As for recruiting hackers, I doubt this is hard, because the programming skills are so rapidly acquired, right off the Internet. I was so interested in Stuxnet that at the great age of 53, I resolved to learn C++. In minutes I was set up to write and compile programs. Not these programs - I know nothing of SCADA, and you'd need to know a lot about it in order to allocate variables in a fairly clunky language like C++ - but believe you me, there's no shortage of folks who do know all this stuff. Fear not: there's no lack of talent out there.
May '10
Re: Three Cheers for Stuxnet
What happens when the Revolutionary Guard's IT department eventually gets over Stuxnet and resumes enrichment?
Jul '10
Re: Three Cheers for Stuxnet
There is chatter on the defense-oriented lists that Stuxnet was a Chinese operation. I consider it speculative, but I would bet that way at the moment. The Chinese have developed a very, very large resource pool in this area.
The question for me is, why would Siemens use Microsoft Windows for the operating system on something like this? Able to crossover talent from their IT group?
And please do appreciate the madness in what this virus does.

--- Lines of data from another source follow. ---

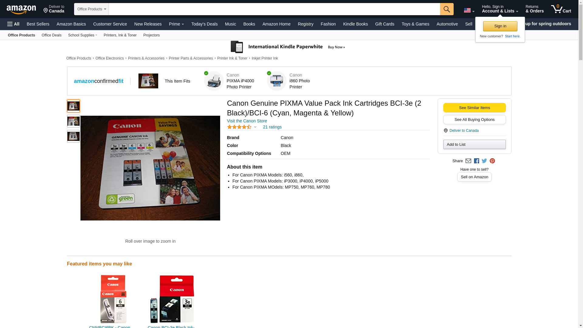 | Feature | Genuine Canon BCI-6 Black/Color 6-Pack Value Pack (Black, Cyan, Magenta, Yellow, Photo Magenta and Photo Cyan) |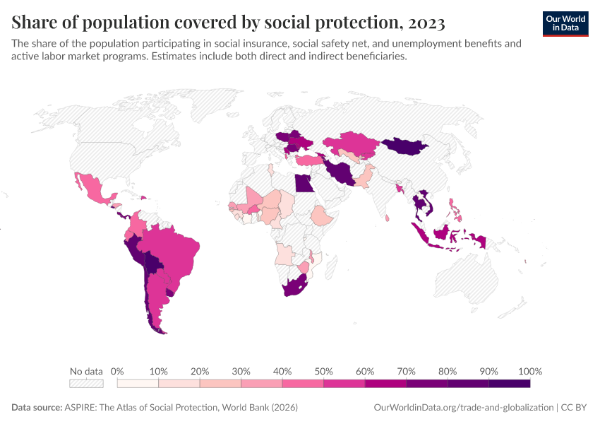 “Data Page: Share of population covered by social protection”. Our World in Data (2026). Data adapted from ASPIRE: The Atlas of Social Protection, World Bank. Retrieved from https://chart-preview-staging.owid.pages.dev:8789/20260202-181317/grapher/share-of-population-covered-by-social-protection.html [online resource] (archived on February 2, 2026).How to cite this data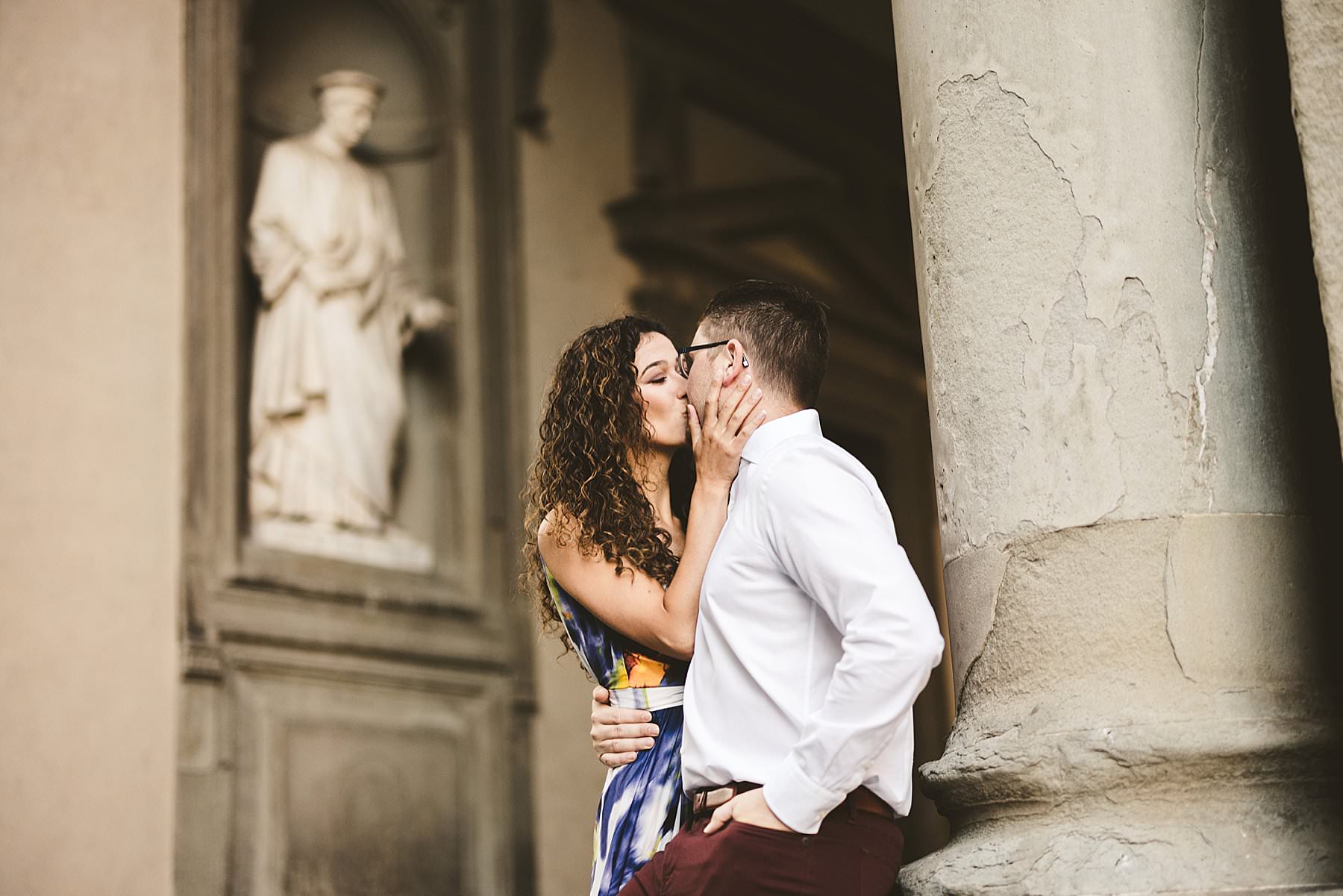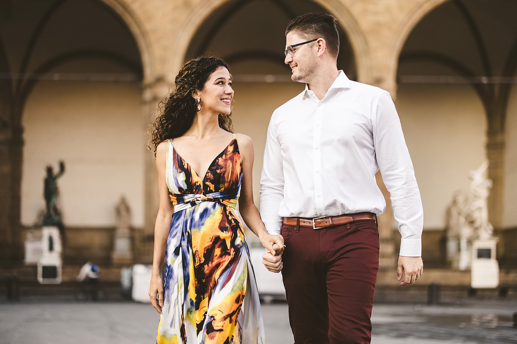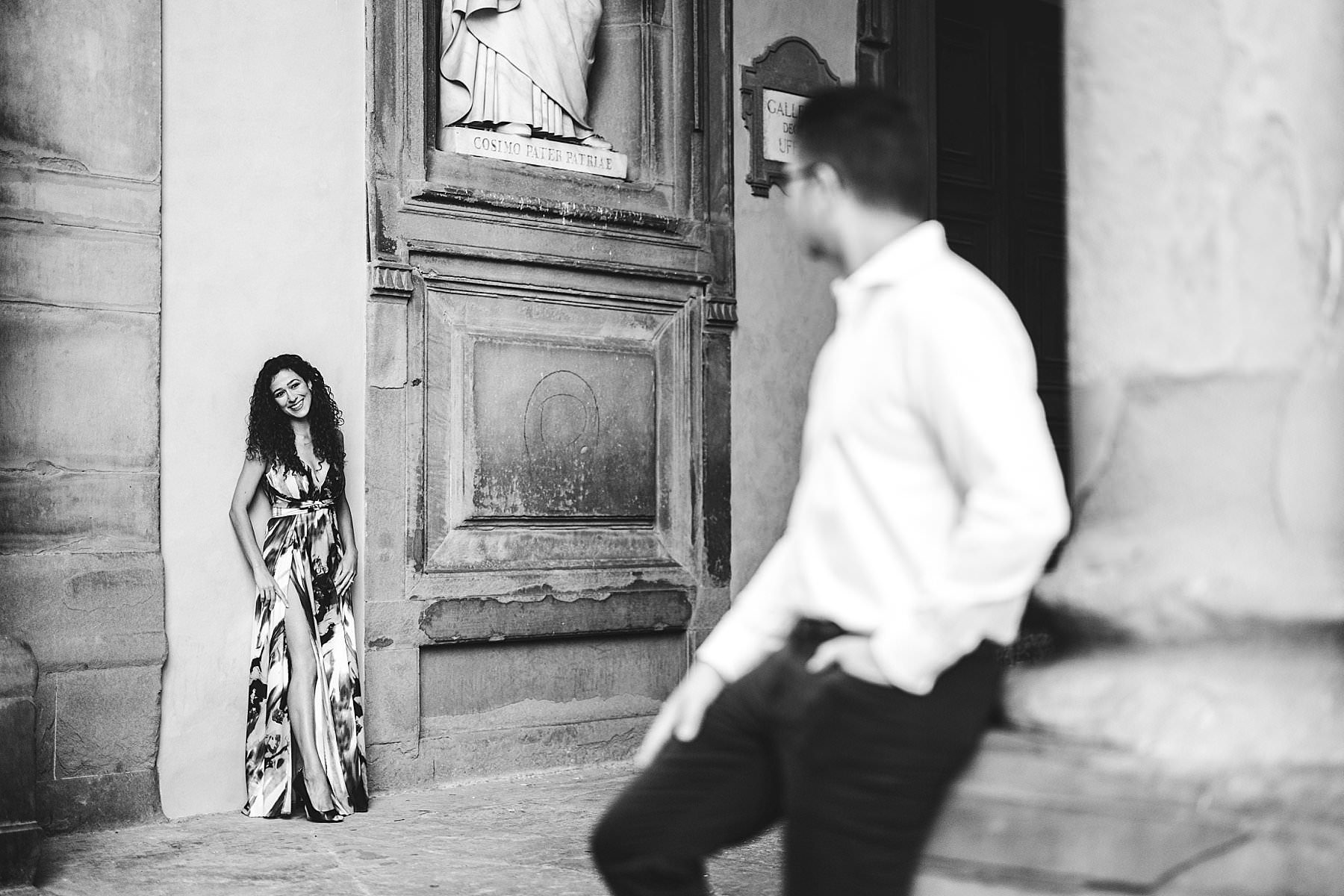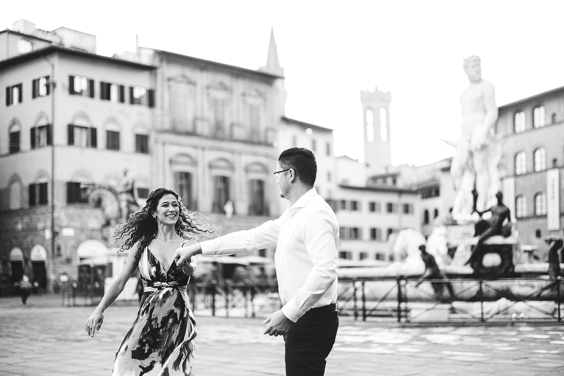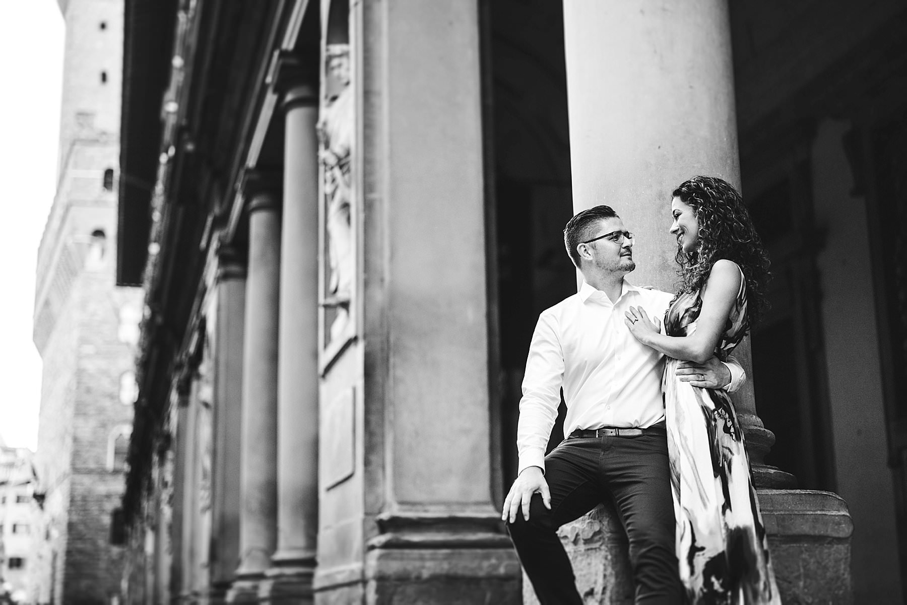 Exciting and fun honeymoon couple photo session in Florence near Uffizi Art Museum. Photo by the Italian elegant creative and modern engagement photographer in Tuscany based in Florence Gabriele Fani

And those are just the most innovative tricks.
Edited on Jan 16, 2011 at 9:20pmJun '10
Re: Three Cheers for Stuxnet
I don't have much time this evening, so I responding before reading all the posts, but, Kenneth, this story was all over the technical press roughly one month after Stuxnet was discovered, which was June 2010. By late August early September it was in the conventional press, so The New York Times is late to the game. The technical press has been on this story like white on rice since roughly mid-July. Norton, the computer security company, has a massively detailed analysis of Stuxnet capabilities as well as a thorough analysis of, pardon the geek-speak, the vector of infection. Seven months after discovery and six months after the Christian Science Monitor (I think? Not sure) ran the story The New York Times considers this breaking news? I was discussing Stuxnet with my geek and hacker buddies in early September at the latest. And when I write geek and hacker, I mean University educated programmers.